Les téléspectateurs du téléjournal auront tout de même la présentation d'un bulletin météo. Il sera toutefois présenté par le chroniqueur de la région de l'Estrie, comme c'est déjà le cas lors de remplacement de congé de dernière minute. Les outils technologiques permettent de produire un bulletin de météo local à distance.

La fonction de recherchiste à l'émission du matin ne sera toutefois pas remplacée. Une réorgination interne des effectifs, avec la participation des syndicats nationaux, est alors à prévoir au cours des prochaines semaines.

Nancy Sabourin, chef des services français à Radio-Canada Mauricie-Centre-du-Québec, affirme que ces coupes seront les dernières «réductions d'effectifs en lien avec la stratégie» de la société d'État.

«Les coupes de cette stratégie sont terminées pour les services régionaux. Par contre, comme toutes les entreprises, nous ne sommes pas à l'abri de réductions de personnel à cause de changements opérationnels ou technologiques», ajoute Mme Sabourin. 

Les nouvelles coupes à la station régionale de Radio-Canada sont «difficiles à encaisser» pour les artisans de la société d'État, avoue Nancy Sabourin. «Ç'a été difficile pour l'équipe et les gestionnaires. Mais on doit faire face à la situation et les gens sont hyper professionnels. Ils ont continué la journée de travail normalement.»  

Par ailleurs, la note interne rappelle que le plan stratégique présenté en juin dernier faisait état de la volonté de la SRC «d'accélérer sa transition numérique et la nécessité de construire un nouveau modèle financier plus durable.»

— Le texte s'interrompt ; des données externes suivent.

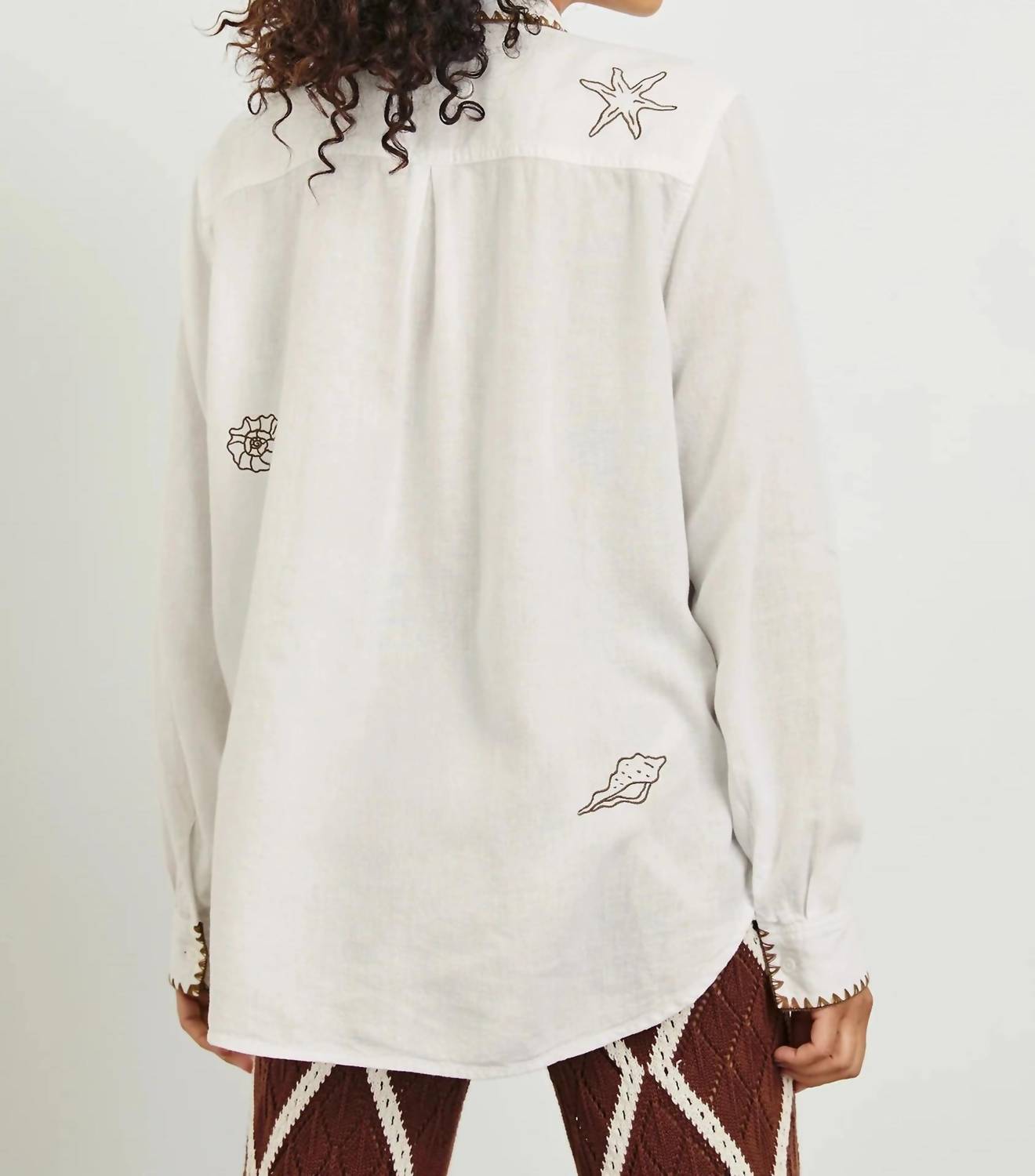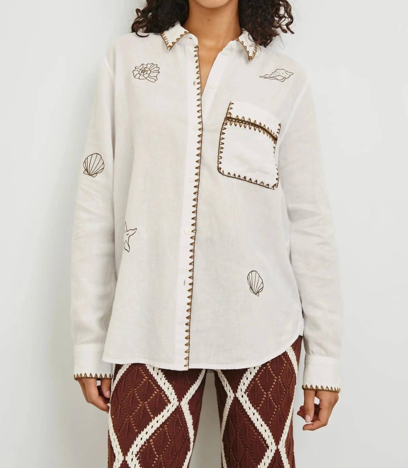 Introducing the Saya Marine Embroidery Button-down by Rails, a standout piece combining style and sustainability. This long sleeve button-down shirt is expertly crafted from a luxe blend of 55% linen and 45% rayon, offering a relaxed, roomy fit with elegant specialty embroidery and a distinctive blanket finishing stitch. With a front body length of 26 1/2 inches, it beautifully complements any wardrobe. Care for it by hand washing cold and line drying to maintain its superior quality. Ideal for a beach day or workwear, this white shirt embraces eco-friendly fashion with its thoughtful construction.
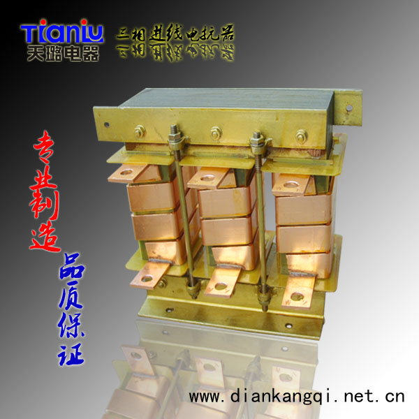 用于電網(wǎng)進(jìn)線中,通過的是交流電流, 作用是限制變頻器換相進(jìn)電網(wǎng)兩側(cè)的電壓降, 抑制諧波和晶閘管的電流上升率di/dt和電壓上升率du.dt,以及并聯(lián)變流器組的解耦。它能夠限制電網(wǎng)電壓的跳躍和電網(wǎng)系統(tǒng)操作時所產(chǎn)生的沖擊電流,有保護(hù)終端電器設(shè)備,及抑制無線電干擾。三相進(jìn)線電抗器可用于直流調(diào)速器,變頻器、軟起動等配套使用。
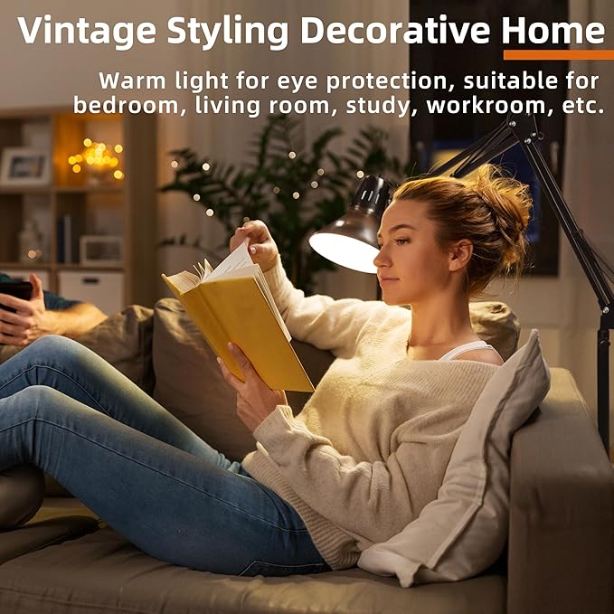 Desk Lamp for Home Office Eye-Caring Metal Extra Tall Swing Arm High Intensity Clamp Flexible Gooseneck w/A19 E26 LED Bulb Side Table Working Reading Architect Computer Workbench Puzzle Warm Light
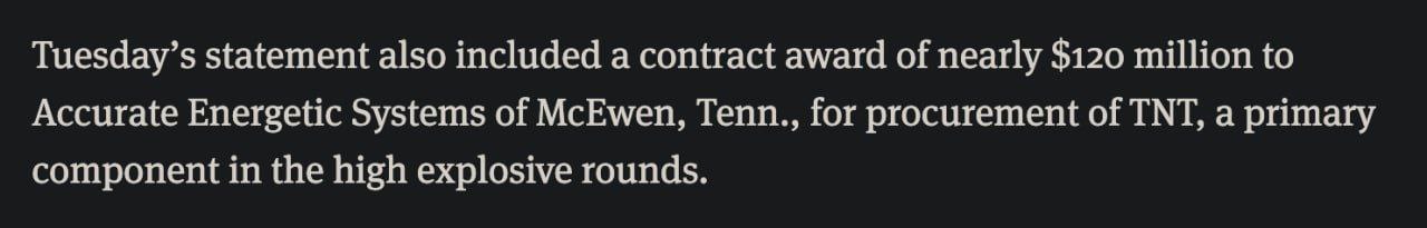 Они также производили противопехотные мины, кумулятивные заряды и компоненты для артиллерийских снарядов, а две недели назад AES подписали контракт на производство тротила в рамках более крупной сделки по увеличению производства 155-мм артиллерийских снарядов и этот контракт оказался больше, чем все остальные контракты вместе взятые, которые они когда-либо подписывали с Пентагоном.
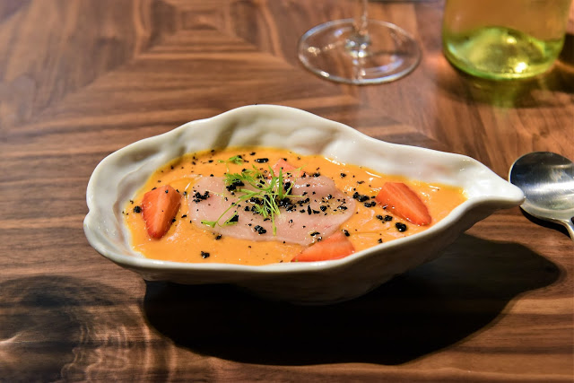 | Vinoblanco - salmorejo con fresas, sashimi de pez mantequilla y polvo de aceituna negra |
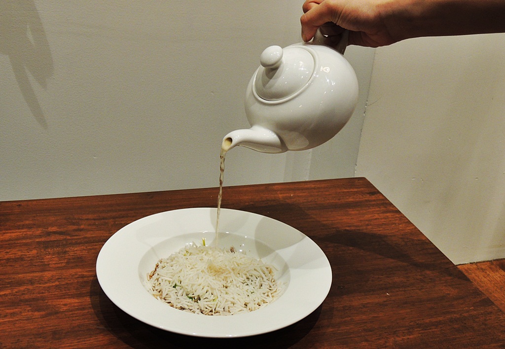 The Risotto was infused with Parmesan, Cheddar and Gryuere cheese and the Burmese Tea Salad was lettuce with roasted nuts and dal generously doused with fermented green tea. As conversation flowed, cups of different varieties of tea and Pita Bread with Green Tea infused Hummus, Marbled Egg Salad and Grilled Sandwiches followed. While everyone gorged on the hot crunchy pakodas sipping into Kullad Chai desi style, I went back to the bowl of fried rice steeped in tea. There was something about the flavour and texture of rice that hooked me on. It was a perfect blend of tastes.
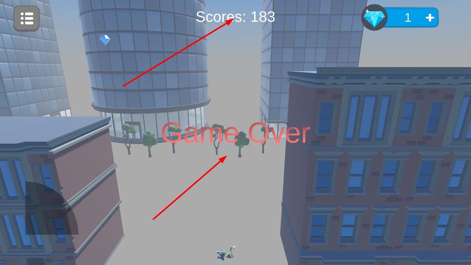 3、持续奔跑时关注上方得分获得金币,避免角色坠落,一旦坠落触发Game Over,结束游戏进程。
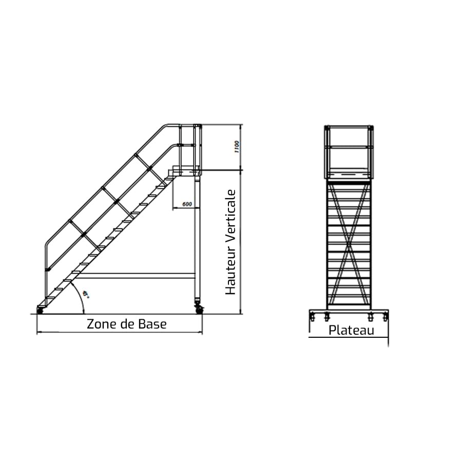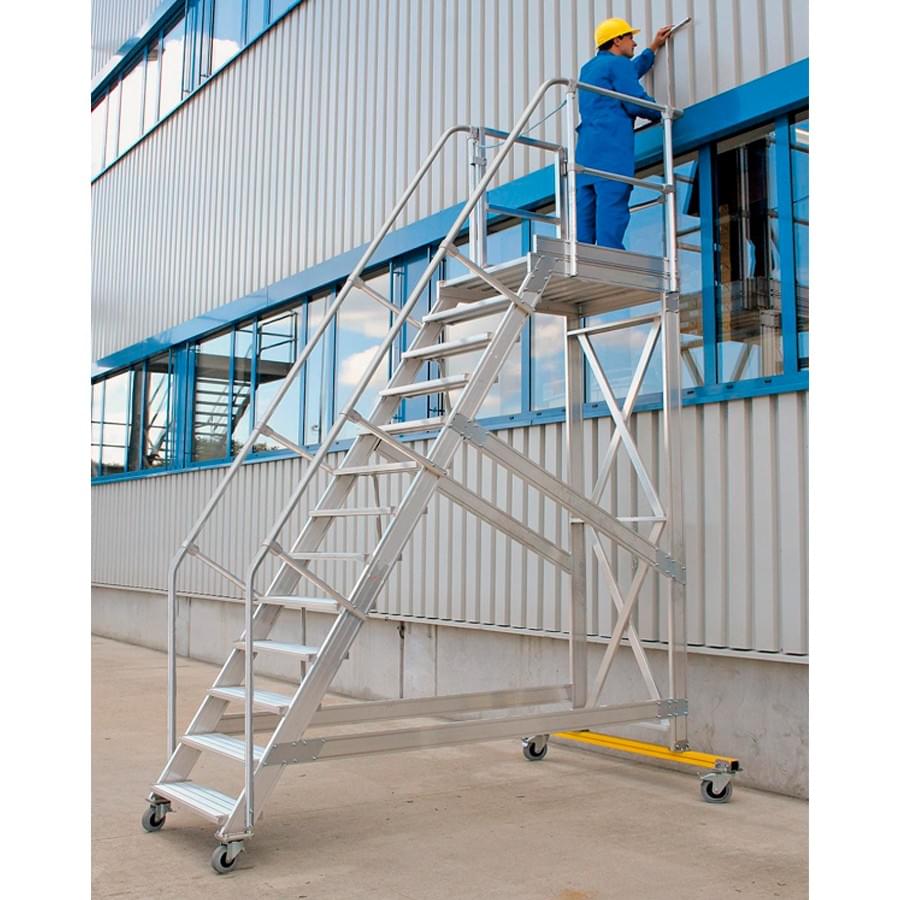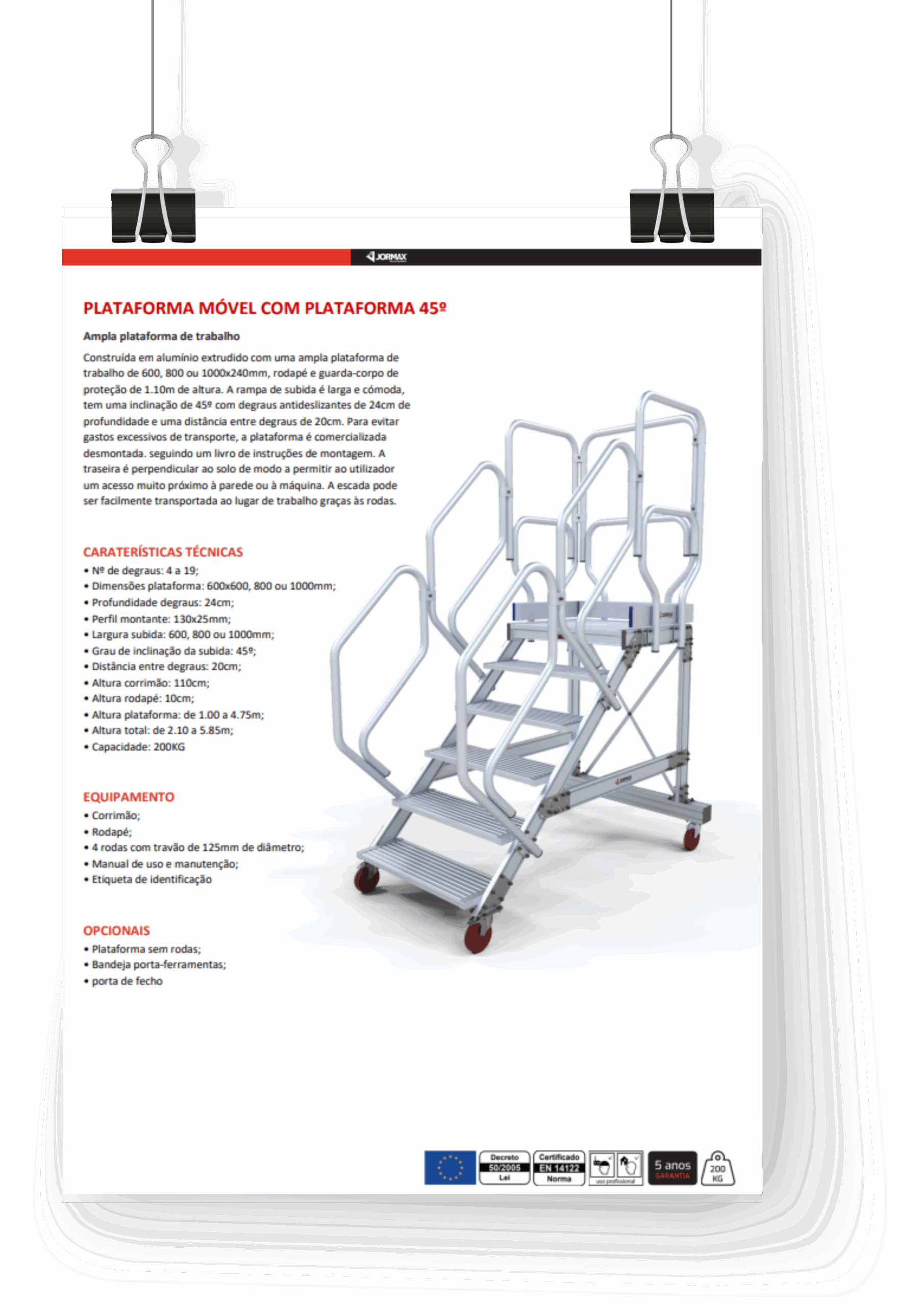 Construit en aluminium extrudé avec une large plateforme de travail 600 800 et 1000×240 mm, plinthe et guard-corps de protection de 1,10 m de hauteur. La rampe de montée est large et confortable, une inclinaison de 45° avec des marches antidérapants de 25 cm de profondeur et une distance entre marches de 25 cm. Pour éviter des coûts de transport excessifs, la plateforme est commercialisée démontée à la suite d’un manuel d’instructions de montage. L’arrière est perpendiculaire au sol afin de permettre à l’utilisateur un accès très proche au mur ou à la machine. La plateforme peut être facilement transportée sur le lieu de travail grâce aux roues.
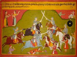 | Description / विवरण | Miniature painting based on Prithviraj Raso depicting vigorous battle between the armies of Prithviraj and Jaichand. On the top two women are talking and a man riding on elephant fighting with 2 demons. |
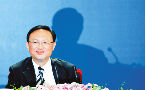 | 3月12日,全国人大十一届一次会议举行记者招待会,外交部长杨洁篪就我国对外政策和对外关系答记者问。 本报特派记者 宋国强 摄 |
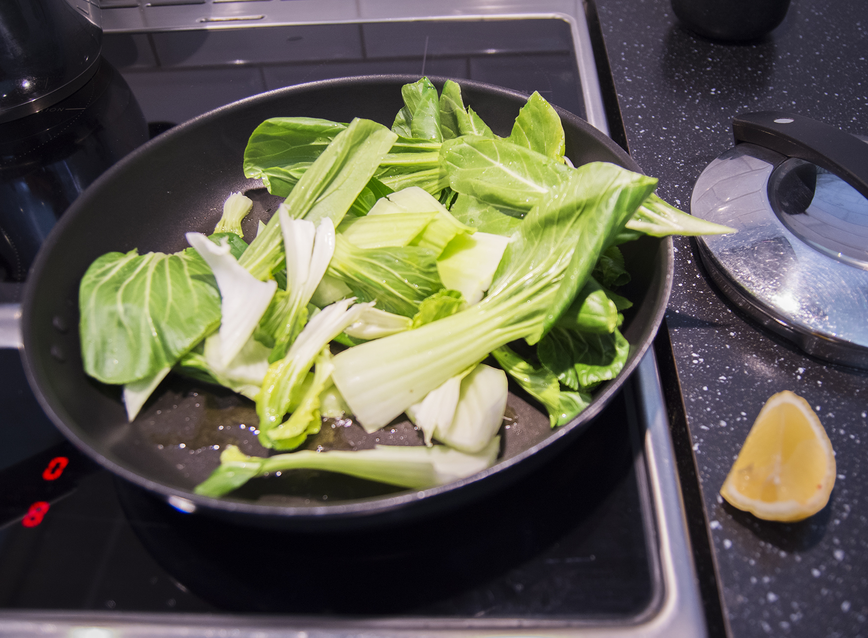 Skär de större pak choi-bladen i lite mindre bitar och behåll de små intakta. Stek dem i några minuter i olja, pressa över citron.
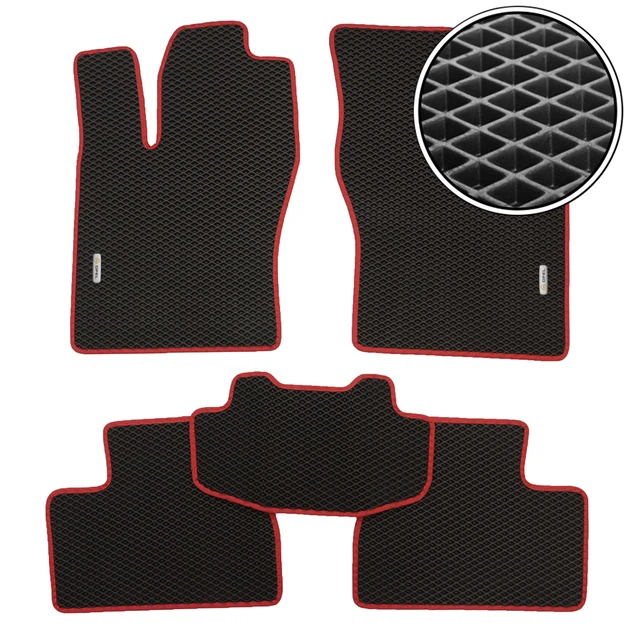 Килимки в салон Kinetic для Lada Ваз 2101-2107 '81-12 EVA чорні з червоною тасьмою підп. метал. (комплект)

Lors de la présentation du plan stratégique en juin, la direction de Radio-Canada avait annoncé qu'elle devrait diminuer ses effectifs de 20 pour cent au cours des cinq prochaines années, soit entre 1000 et 1500 postes tous services confondus.

En octobre, une première vague de réductions avait été annoncée, impliquant l'élimination de près de 400 postes, dont 123 aux services français.

De plus, en avril dernier, des coupes de 130 millions $ avaient été annoncées, entraînant la perte d'un équivalent de 657 postes à temps complet au cours des deux prochaines années, dont 312 aux services français. Entre autres mesures, les bulletins d'information des stations régionales passaient de 60 à 30 minutes et on devait réduire le nombre de productions maison.

Avec les abolitions annoncées jeudi, ce sont donc quelque 535 postes qui ont été abolis aux services français de la SRC depuis moins d'un an.